DiGenova and Toensing delivered for Firtash in another essential way: Parnas testified to Congress in 2024 that the two met with then-Attorney General Bill Barr urging him to drop the charges “because Dmitry Firtash was going to help us getting dirt on the Bidens.”
“Someone from the Trump campaign is talking to the Attorney General to drop the charges because this foreign national is helping get dirt on a political candidate?” asked Rep. Ro Khanna (D-Calif.). “Absolutely,” Parnas replied.
Weeks later, when the existence of the whistleblower complaint about the Trump-Zelensky phone call became public, diGenova and Toensing appeared on Sean Hannity’s Fox News show touting the Shokin affidavit without any mention that it was she and her husband who had obtained it. DiGenova also spoke of the whistleblower: “This whistleblower needs to go to prison. He doesn’t need to be feted, he needs to go to prison.”
Director of National Intelligence Tulsi Gabbard just this month issued a criminal referral—apparently unaccompanied by evidence of any crime—for that very whistleblower that, along with the rest of drama surrounding Russia, Ukraine and the president, may well make its way down to Southern Florida as part of the Grand Conspiracy investigation.

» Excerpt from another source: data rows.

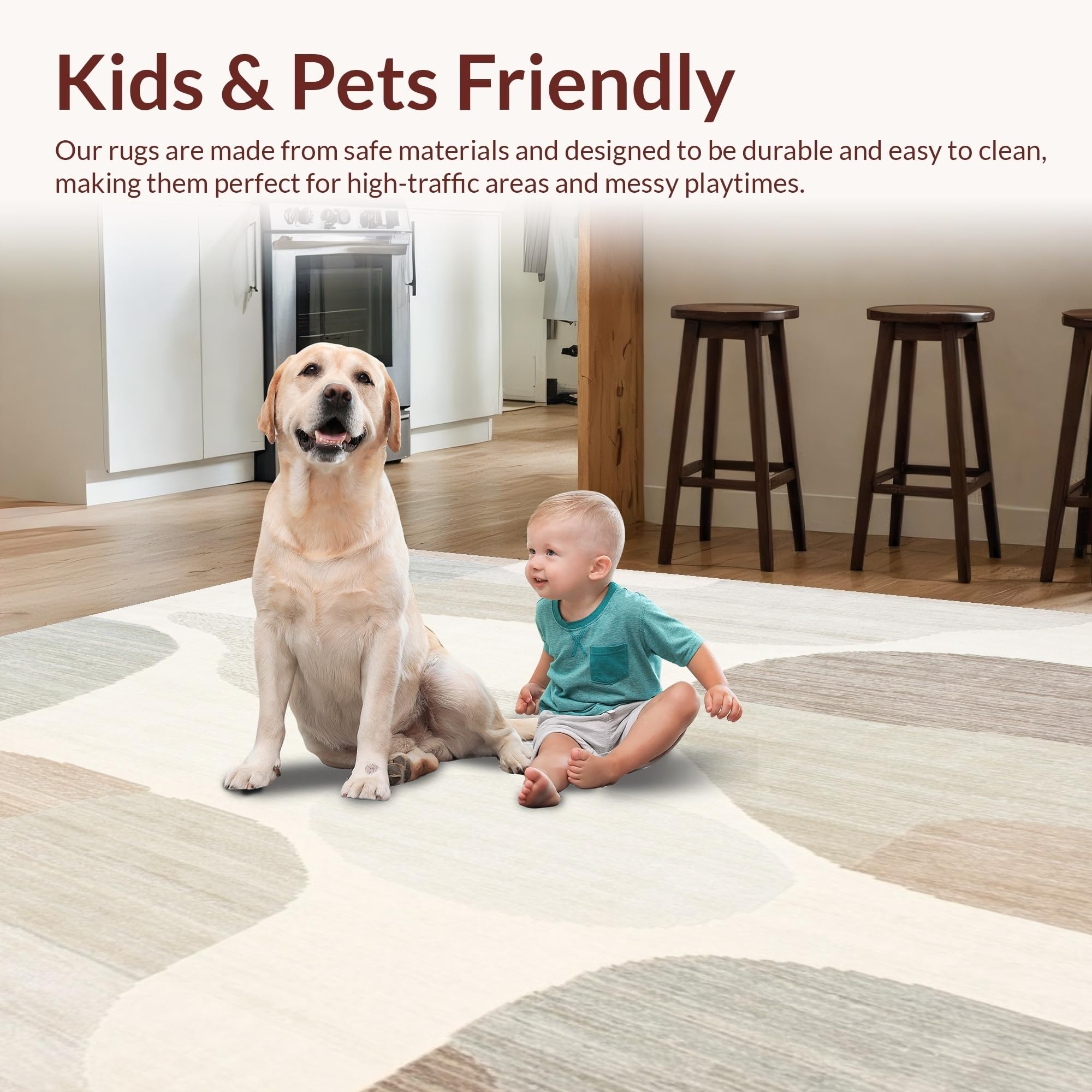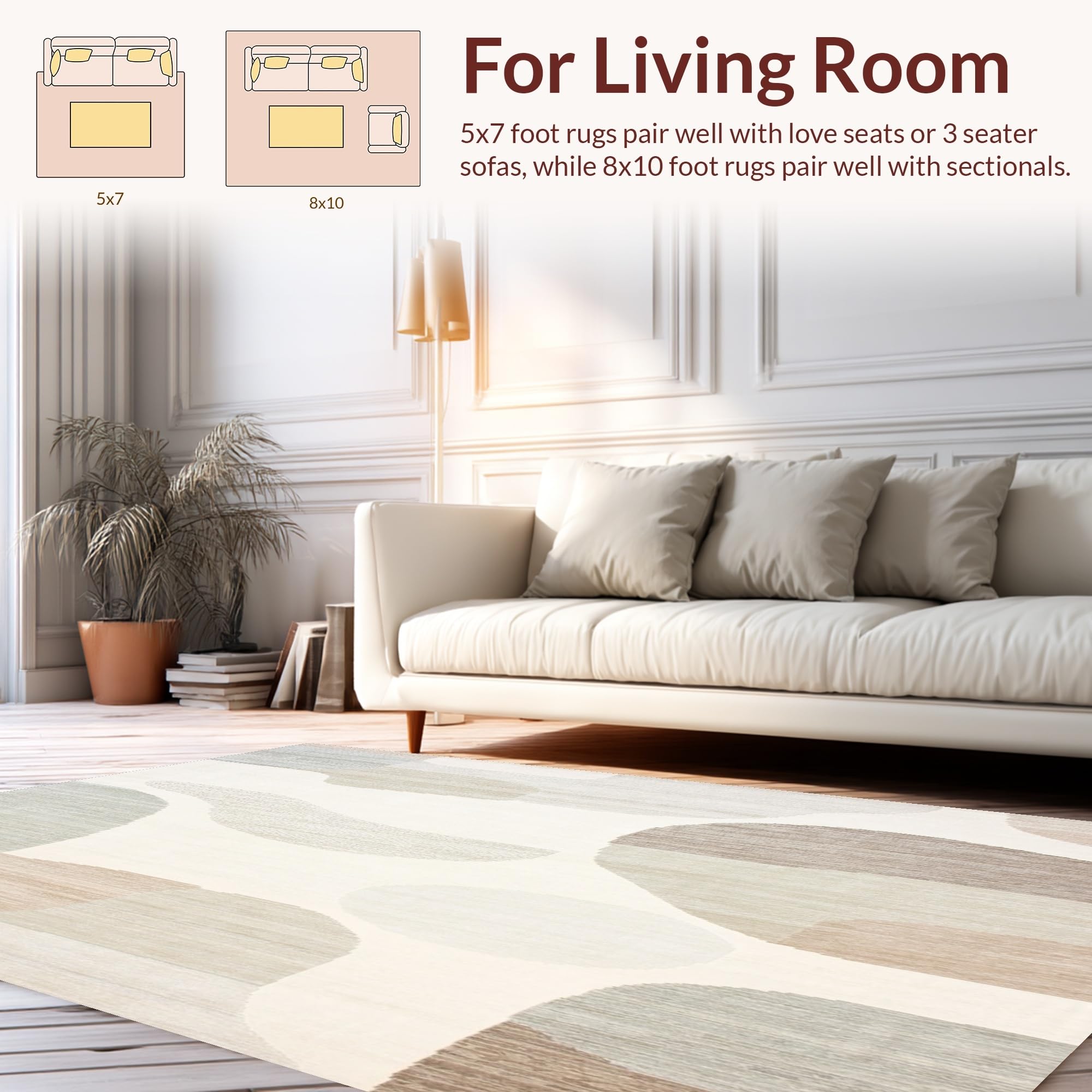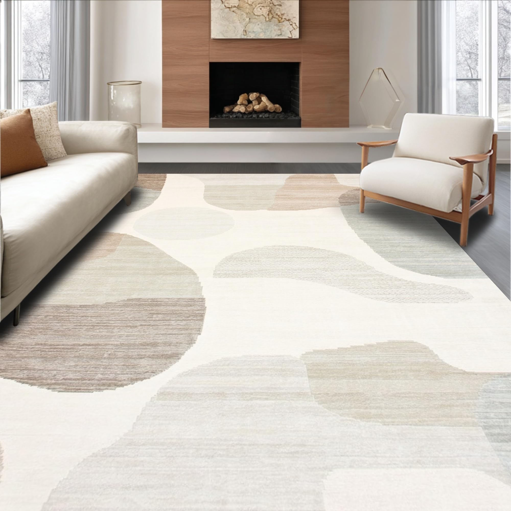 Ultra Soft Area Rug, Non Slip, Stain Resistant, Washable Area Rugs for Living Room, Bedroom, Abstract Boho Chic Area Showcasing Freeform Lines and Layered Shapes(Beige) Overview:
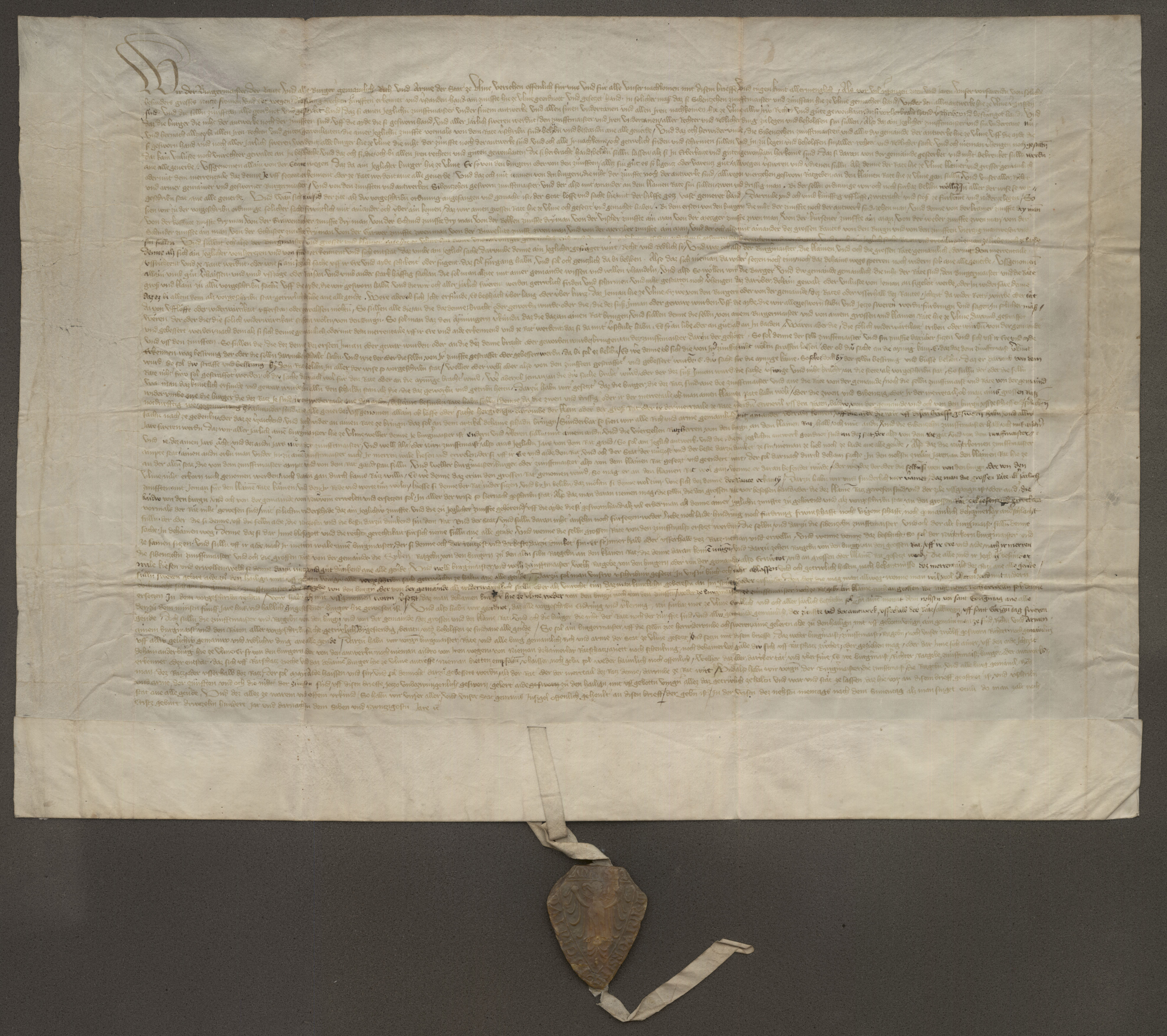 Ein erneuter Konflikt im Jahr 1396 führte zur endgültigen Festigung der Zunftherrschaft. Der „Große Schwörbrief“ von 1397 sicherte ihnen eine dominante Stellung im Stadtregiment, ohne dass damit von demokratischen Strukturen im heutigen Sinne die Rede sein kann. Tatsächlich waren nur 10 – 15 % der Ulmer Bevölkerung an der politischen Mitbestimmung beteiligt, nämlich die in den Zünften organisierten männlichen Vollbürger. Frauen, Gesellen, Dienstpersonal, Geistliche, Juden und andere marginalisierte Gruppen waren keine „Bürger“ und deswegen ebenso ausgeschlossen wie die Einwohner des restlichen reichsstädtischen Territoriums. Trotzdem stellte der gemeinsame Schwur von Obrigkeit und Bürgerschaft eine bemerkenswerte Form kollektiver Selbstbindung dar. Der Eid war nicht nur Symbol, sondern ein rechtlich und moralisch verbindlicher Akt, der Frieden und Ordnung im Gemeinwesen sichern sollte.
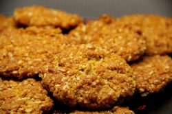 Перемешайте сахар с хлопьями, кокосовой стружкой и мукой в большой миске. Влейте масляный сироп, хорошенько размешайте, чтобы получилось тесто.
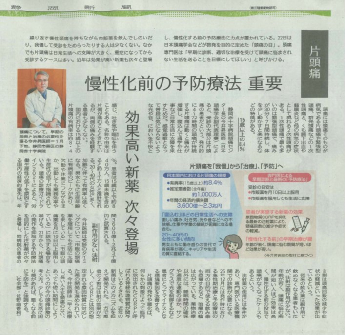 当院では2022年10月より脳神経内科 今井医師を中心に頭痛センターを開設いたしました。

All of which is to say: DiGenova has been appointed to investigate a made-up deep-state plot that supposedly involves the wrongful impeachment of President Trump over a phone call with Volodymyr Zelensky in which Trump demanded an investigation into the Bidens and Burisma. This was the very investigation that diGenova not only repeatedly clamored for on conservative television programs—but was paid to help bring about. Now, charged with prosecuting the case, the Grand Conspiracy’s most enthusiastic promoter may turn out to be its most consequential liability.